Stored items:
====================
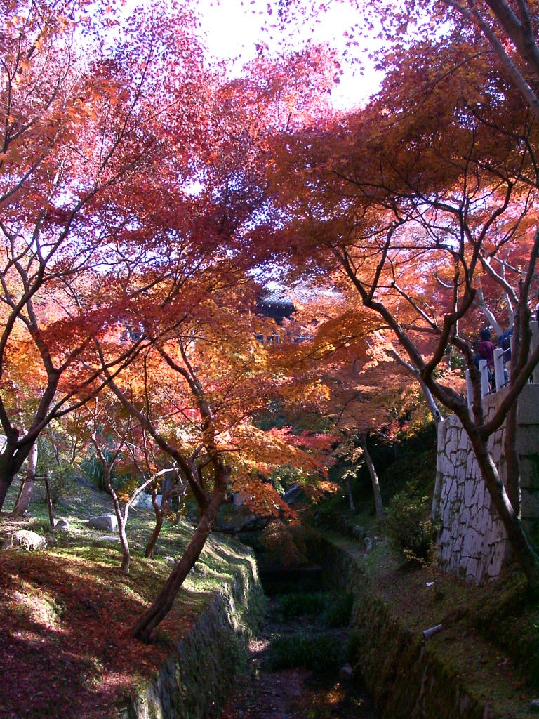 庭へ降りていった。紅葉の木の並ぶ庭を歩いて、通天橋の下のほうを
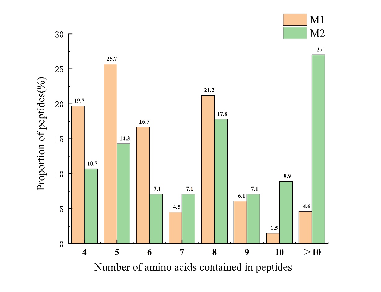 图3 不同来源肽段氨基酸个数占比差异
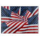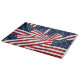A photograph of the American flag waving in the gentle breeze. The flag image has been placed in a layered design layout for this cutting board.
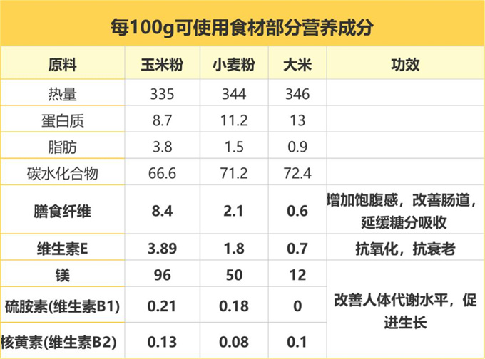 玉米粉相对传统的小麦粉原料,最大的优势是含有常规谷物原料好几倍的膳食纤维含量,提供充足的“吃饭感”与饱腹感的同时促进肠道功能。另外,玉米粉还含有丰富的B类维生素,镁,铁等能人体必需的营养元素,还含有高出普通主食十几倍的多酚、维生素E等常见的抗氧化成分。
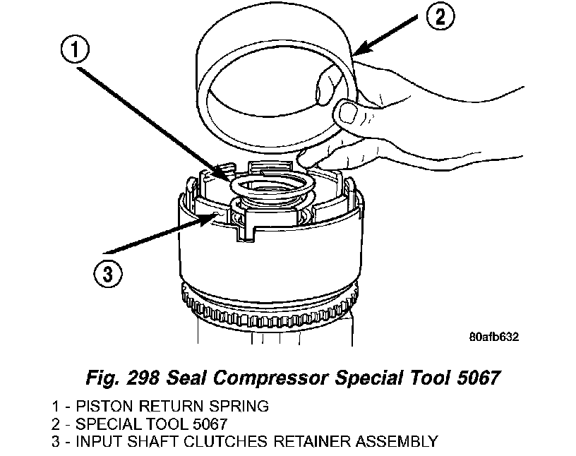 8. Install UD piston return spring and Tool 5067 as shown in (Fig. 298).
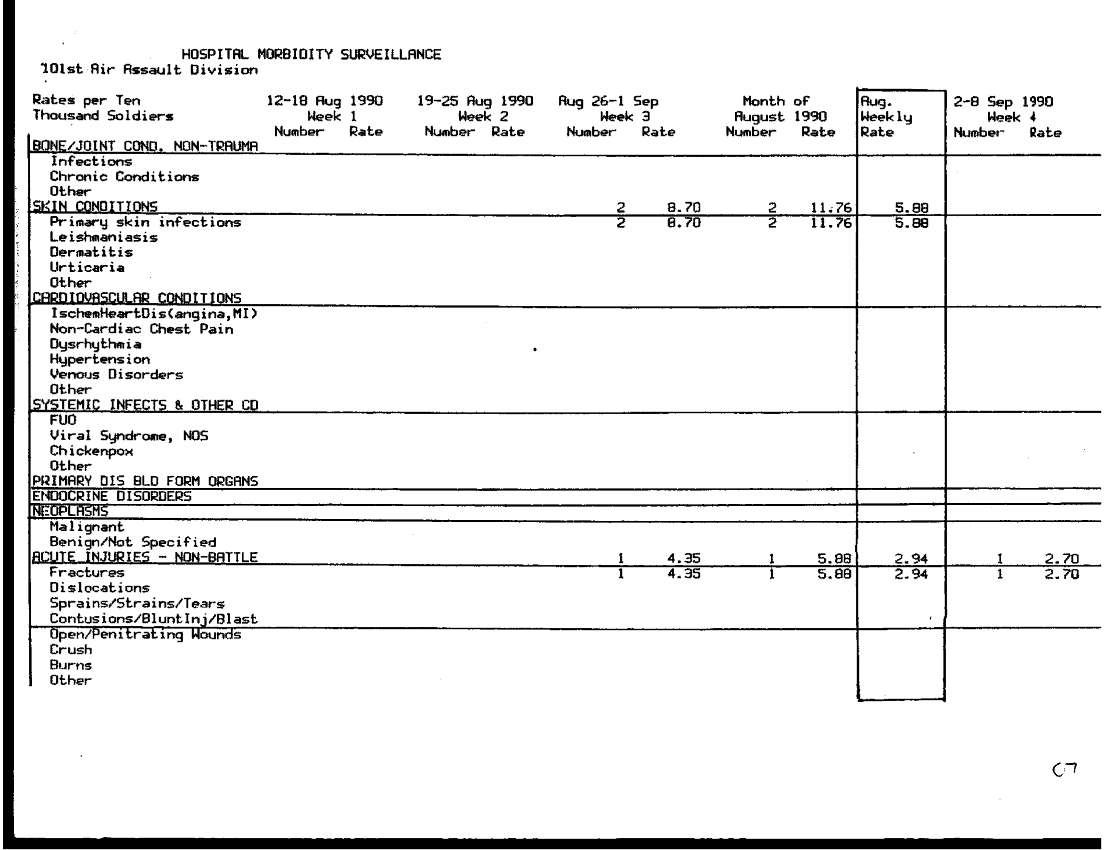 Document 18 f:/Week-36/BX003204/OPERATION DESERT SHIELD DESERT STORM MEDICAL DATA/hospital morbidity surveillance:100196133417
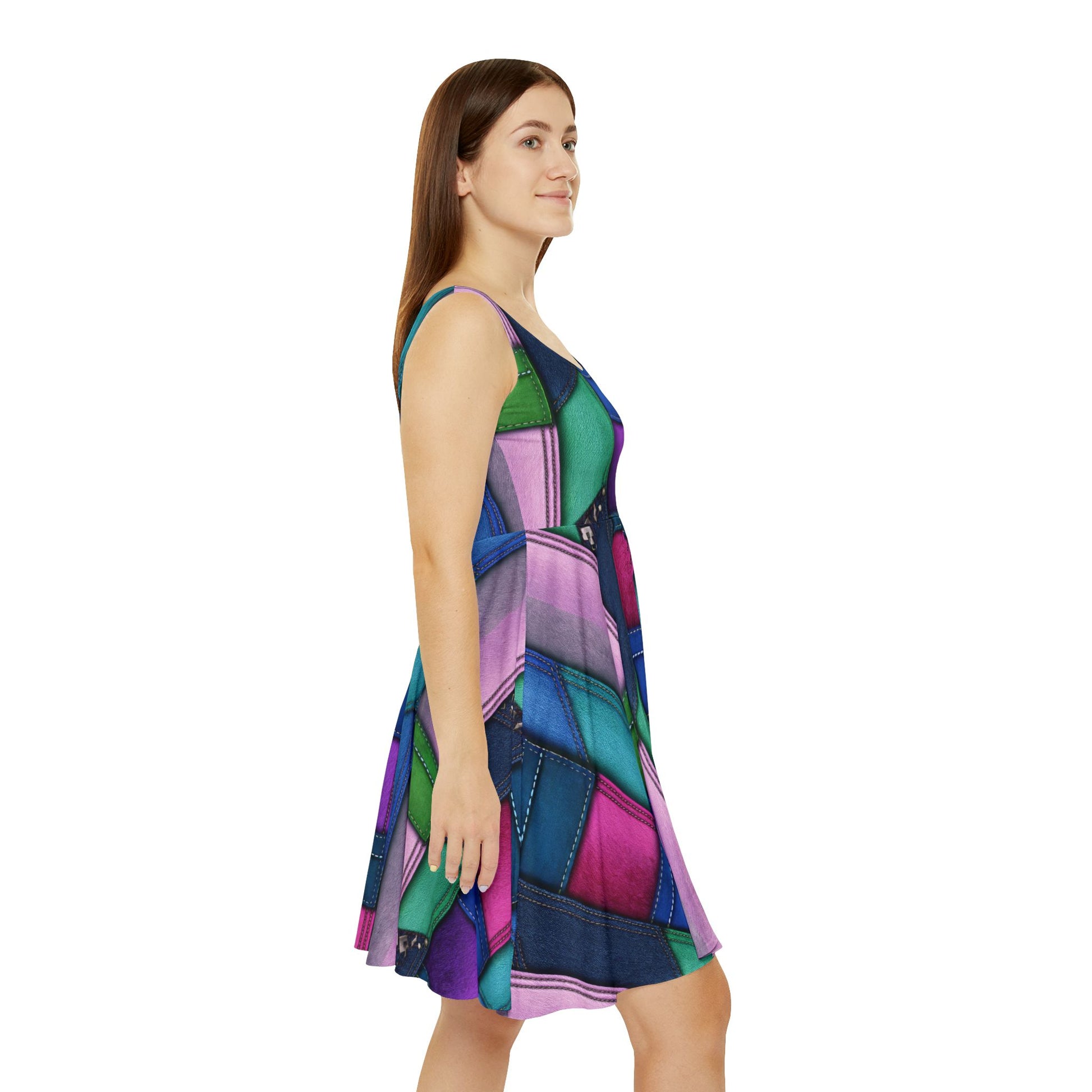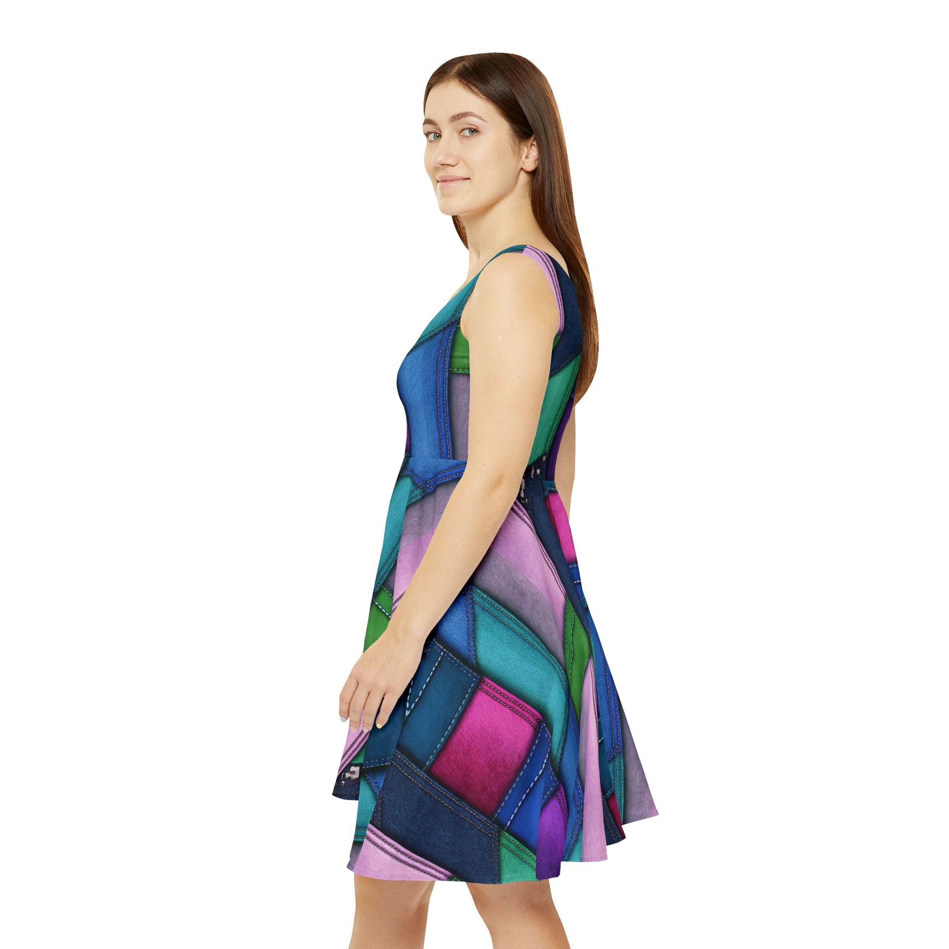 Women Denim Print Skater Dress, Denim Print Poly-Span Dress - 7
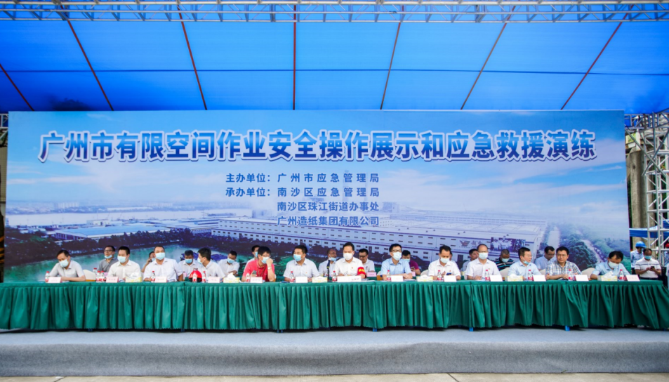 在公司领导的高度重视下,通过新产品分厂、办公室、人力资源部、采购部、生产部、物流管理部、园区发展部等部门的积极配合,广州市有限空间作业安全操作展示和应急救援演练于8月26日在公司成功举办。市应急管理局党委书记、局长黄彪、南沙区常务副区长谢明、完美真人集团副总经理谭思马和公司党委书记、董事长周耘出席了本次活动,各区应急管理局和珠江街主要负责人、市有限空间作业重点企业代表、完美真人集团安监部和各板块安全责任人及公司AB类部门共160余人现场观摩演练。
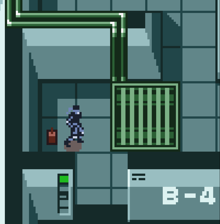 • Off the wall, Snake's shadow overlaps with the light green panel
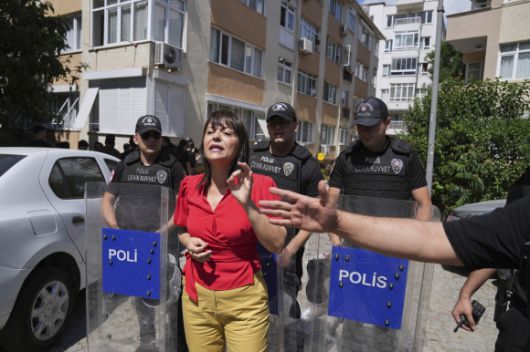 튀르키예 인민민주당(DEM)의 케즈반 코누크주 의원이 29일(현지시간) 이스탄불에서 퀴어 퍼레이드를 막는 경찰과 대치하고 있다. 2025.6.29 AP 연합뉴스 |
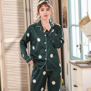 JRMISSLI Satin Silk Women's Pajamas Sets 2019 New Long Sleeve Pyjamas Suit Female 2 Pcs Home Clothes Dot Print Pijama Mujer
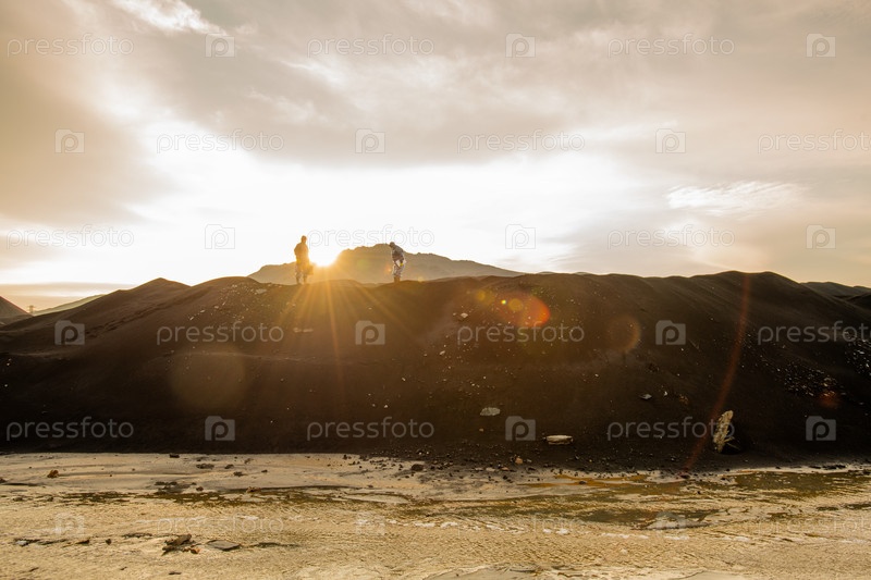 Крошечные силуэты двух современных исследователей, стоящих на вершине холма против серого облачного неба
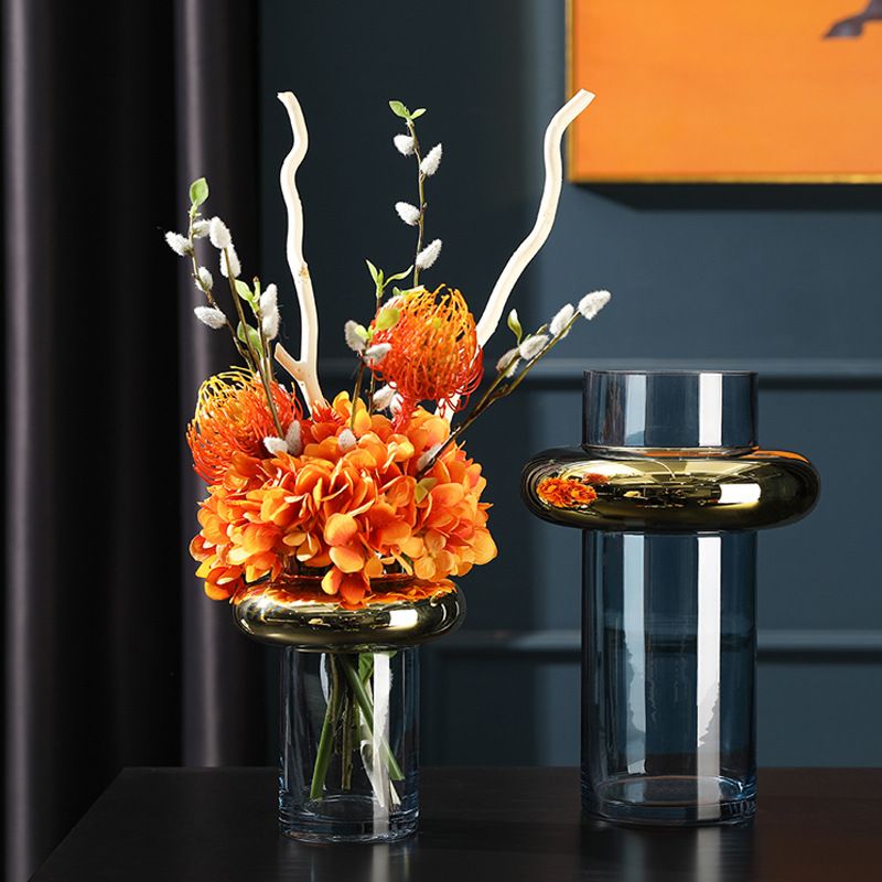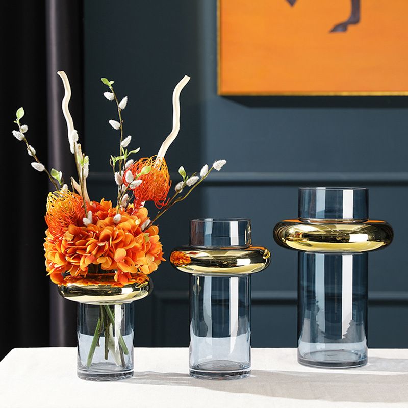 Light Luxury Grey Blue Transparent Glass Vase Model Room Gold Middle
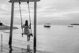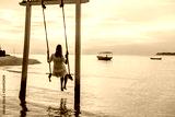 Girl relaxing in swings on sunset beach
====================
◆ Work instructions
The records above need to be reproduced exactly, with all images omitted.

◆ Your response
 庭へ降りていった。紅葉の木の並ぶ庭を歩いて、通天橋の下のほうを
 图3 不同来源肽段氨基酸个数占比差异
A photograph of the American flag waving in the gentle breeze. The flag image has been placed in a layered design layout for this cutting board.
 玉米粉相对传统的小麦粉原料,最大的优势是含有常规谷物原料好几倍的膳食纤维含量,提供充足的“吃饭感”与饱腹感的同时促进肠道功能。另外,玉米粉还含有丰富的B类维生素,镁,铁等能人体必需的营养元素,还含有高出普通主食十几倍的多酚、维生素E等常见的抗氧化成分。
 8. Install UD piston return spring and Tool 5067 as shown in (Fig. 298).
 Document 18 f:/Week-36/BX003204/OPERATION DESERT SHIELD DESERT STORM MEDICAL DATA/hospital morbidity surveillance:100196133417
 Women Denim Print Skater Dress, Denim Print Poly-Span Dress - 7
 在公司领导的高度重视下,通过新产品分厂、办公室、人力资源部、采购部、生产部、物流管理部、园区发展部等部门的积极配合,广州市有限空间作业安全操作展示和应急救援演练于8月26日在公司成功举办。市应急管理局党委书记、局长黄彪、南沙区常务副区长谢明、完美真人集团副总经理谭思马和公司党委书记、董事长周耘出席了本次活动,各区应急管理局和珠江街主要负责人、市有限空间作业重点企业代表、完美真人集团安监部和各板块安全责任人及公司AB类部门共160余人现场观摩演练。
 • Off the wall, Snake's shadow overlaps with the light green panel
 튀르키예 인민민주당(DEM)의 케즈반 코누크주 의원이 29일(현지시간) 이스탄불에서 퀴어 퍼레이드를 막는 경찰과 대치하고 있다. 2025.6.29 AP 연합뉴스 |
 JRMISSLI Satin Silk Women's Pajamas Sets 2019 New Long Sleeve Pyjamas Suit Female 2 Pcs Home Clothes Dot Print Pijama Mujer
 Крошечные силуэты двух современных исследователей, стоящих на вершине холма против серого облачного неба
 Light Luxury Grey Blue Transparent Glass Vase Model Room Gold Middle
 Girl relaxing in swings on sunset beach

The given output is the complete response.